[Start of Attachment]
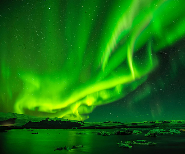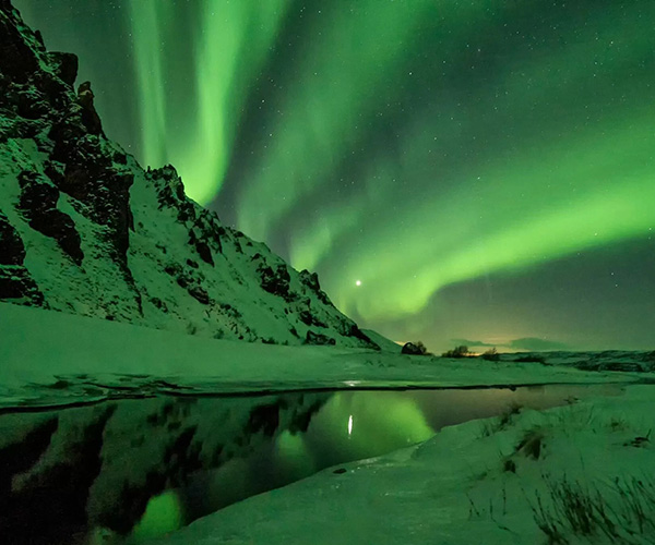 Travel from Reykjavik through Iceland’s diverse landscapes. Good places to admire the northern lights are the Snæfelsness Peninsula, Thingvellir National Park, the Jökulsárlón glacial lagoon and the black sand beach of Reynisfjara.
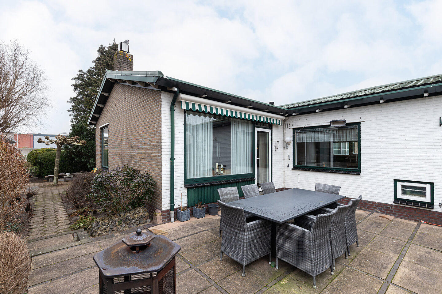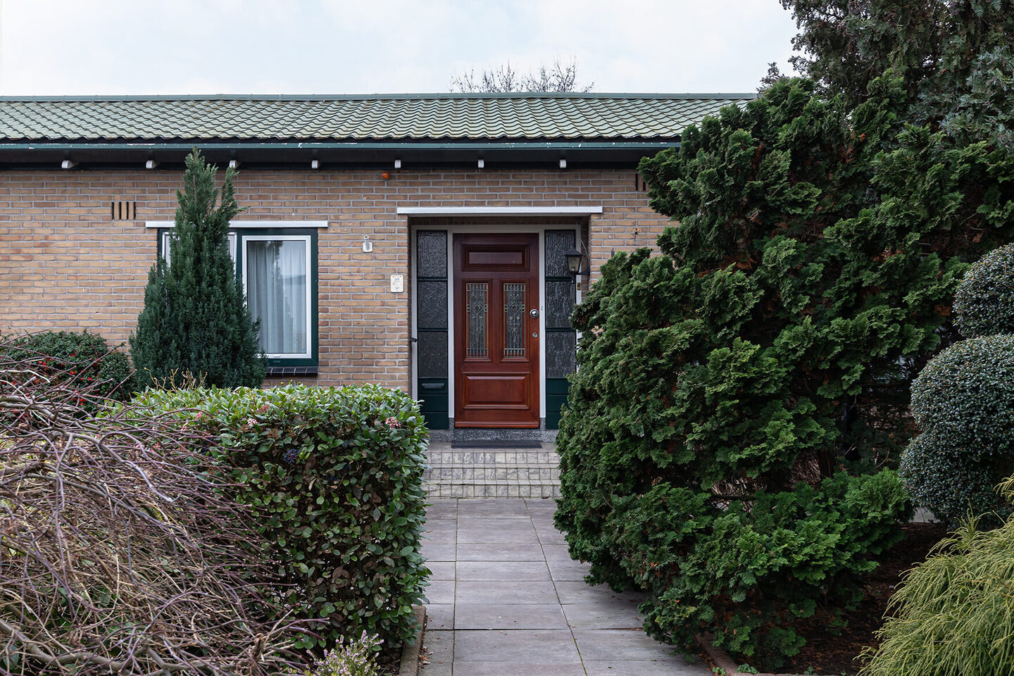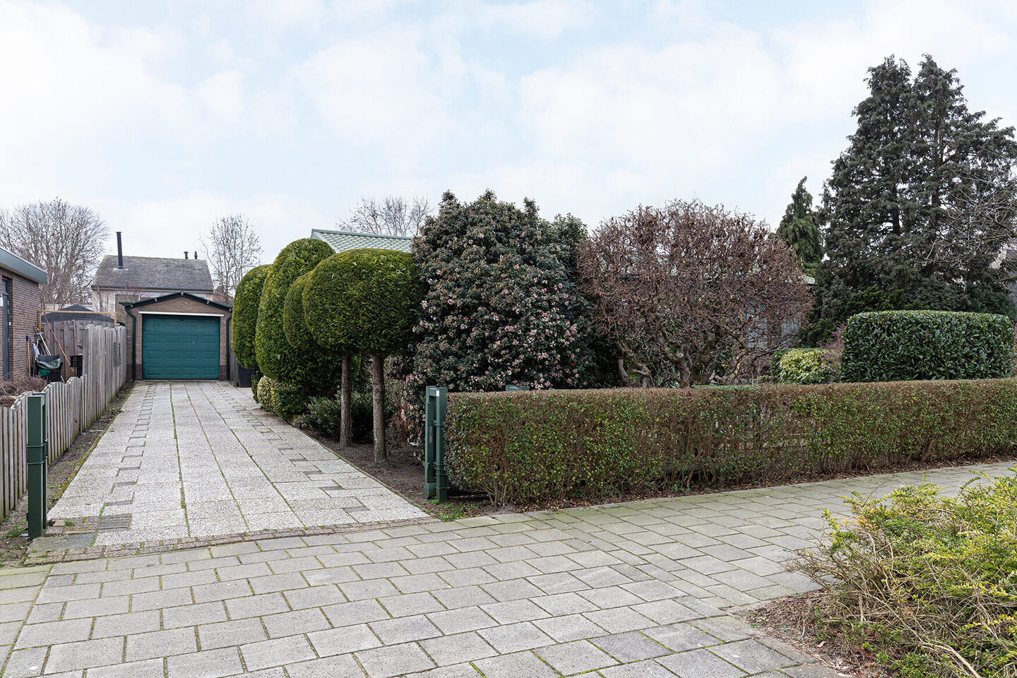 Rondom de woning ligt een fraai aangelegde tuin met een grote variatie aan beplanting, meerdere terrassen en volop mogelijkheden om zowel in de zon als in de schaduw te zitten. De patiotuin aan de achterzijde ligt gunstig op het zuidwesten en biedt veel privacy. Verder zijn er buitenverlichting, een houten tuinhuisje en zonwering aan de achtergevel aanwezig. De vrijstaande stenen garage is voorzien van elektra en een elektrisch bedienbare deur. Op de oprit is ruimte om twee auto’s te parkeren. De voortuin is omgeven door een groene haag en speels aangelegd met wandelpaadjes, wat zorgt voor een verzorgde en uitnodigende uitstraling.
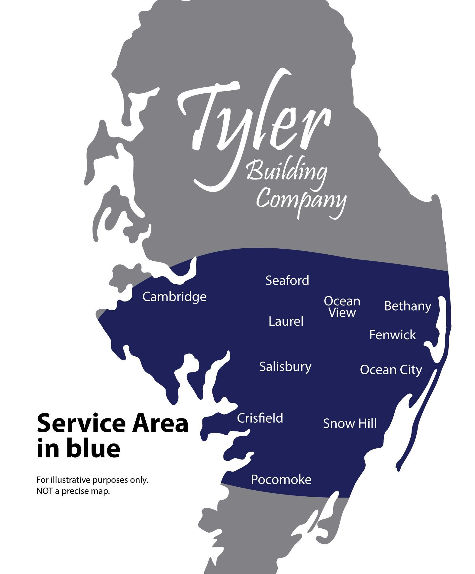 We service anywhere about 25 miles from Salisbury on the Eastern Shore of Maryland and Delaware. Below are some examples of the areas we serve.
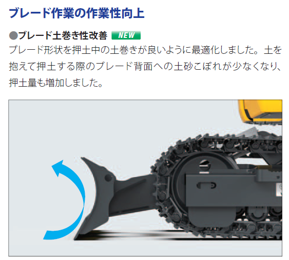 土砂こぼれを低減させる新形状のブレードを採用したことで、押土量を増加させました。また、ミニショベルと同様に走行速度のHi/Loをワンタッチで切り替えられるスイッチをブレードレバー上端に搭載したことで、走行しての作業性を大きく向上させました。さらに、LEDライト、後方モニタシステム、サスペンションシートを標準装備し、安全性や快適性を向上しました。
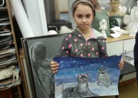 W grupie plastycznej „Inspiracje" słychać kocie mruczenie... Kiedy spadł śnieg, zrobiło się nastrojowo. Wszędzie biało i mroźnie. Zimowa pogoda pomogła nam wyobrazić sobie, jak ciężko jest bezdomnym kotom przetrwać zimę. Mamy nadzieję, że te kocie portrety wzruszą i zachęcą ludzi do niesienia im pomocy.
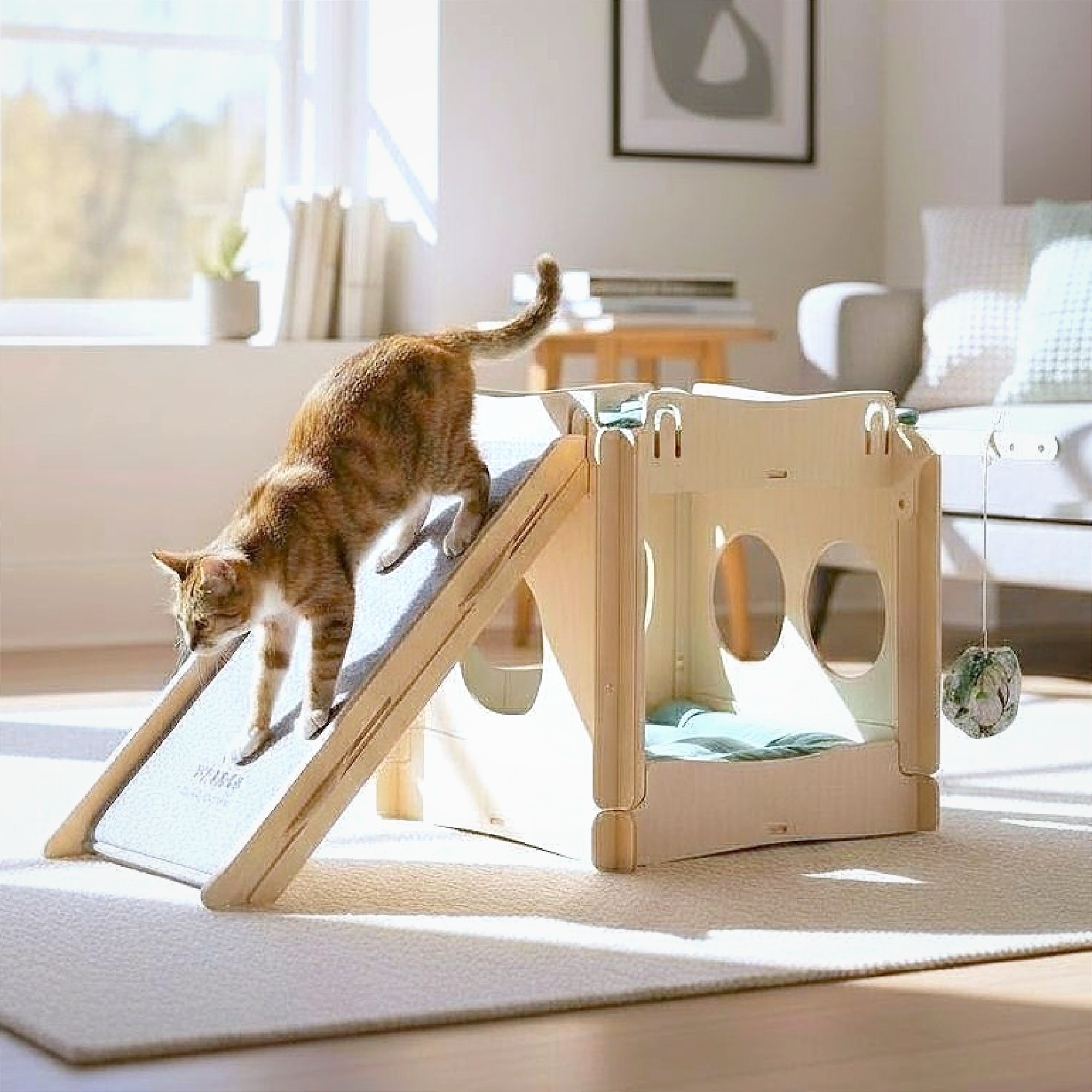 Luksusowy, modułowy mebel dla kota, który łączy w jednej konstrukcji kryjówkę, drapak, przestrzeń do zabawy oraz miejsce do odpoczynku.
[End of Attachment]
#### What you should do:
From the line containing "Rondom de woning" through the last line of the material above, write out each line exactly, leaving aside all pictures.

#### Answer below:
 Rondom de woning ligt een fraai aangelegde tuin met een grote variatie aan beplanting, meerdere terrassen en volop mogelijkheden om zowel in de zon als in de schaduw te zitten. De patiotuin aan de achterzijde ligt gunstig op het zuidwesten en biedt veel privacy. Verder zijn er buitenverlichting, een houten tuinhuisje en zonwering aan de achtergevel aanwezig. De vrijstaande stenen garage is voorzien van elektra en een elektrisch bedienbare deur. Op de oprit is ruimte om twee auto’s te parkeren. De voortuin is omgeven door een groene haag en speels aangelegd met wandelpaadjes, wat zorgt voor een verzorgde en uitnodigende uitstraling.
 We service anywhere about 25 miles from Salisbury on the Eastern Shore of Maryland and Delaware. Below are some examples of the areas we serve.
 土砂こぼれを低減させる新形状のブレードを採用したことで、押土量を増加させました。また、ミニショベルと同様に走行速度のHi/Loをワンタッチで切り替えられるスイッチをブレードレバー上端に搭載したことで、走行しての作業性を大きく向上させました。さらに、LEDライト、後方モニタシステム、サスペンションシートを標準装備し、安全性や快適性を向上しました。
 W grupie plastycznej „Inspiracje" słychać kocie mruczenie... Kiedy spadł śnieg, zrobiło się nastrojowo. Wszędzie biało i mroźnie. Zimowa pogoda pomogła nam wyobrazić sobie, jak ciężko jest bezdomnym kotom przetrwać zimę. Mamy nadzieję, że te kocie portrety wzruszą i zachęcą ludzi do niesienia im pomocy.
 Luksusowy, modułowy mebel dla kota, który łączy w jednej konstrukcji kryjówkę, drapak, przestrzeń do zabawy oraz miejsce do odpoczynku.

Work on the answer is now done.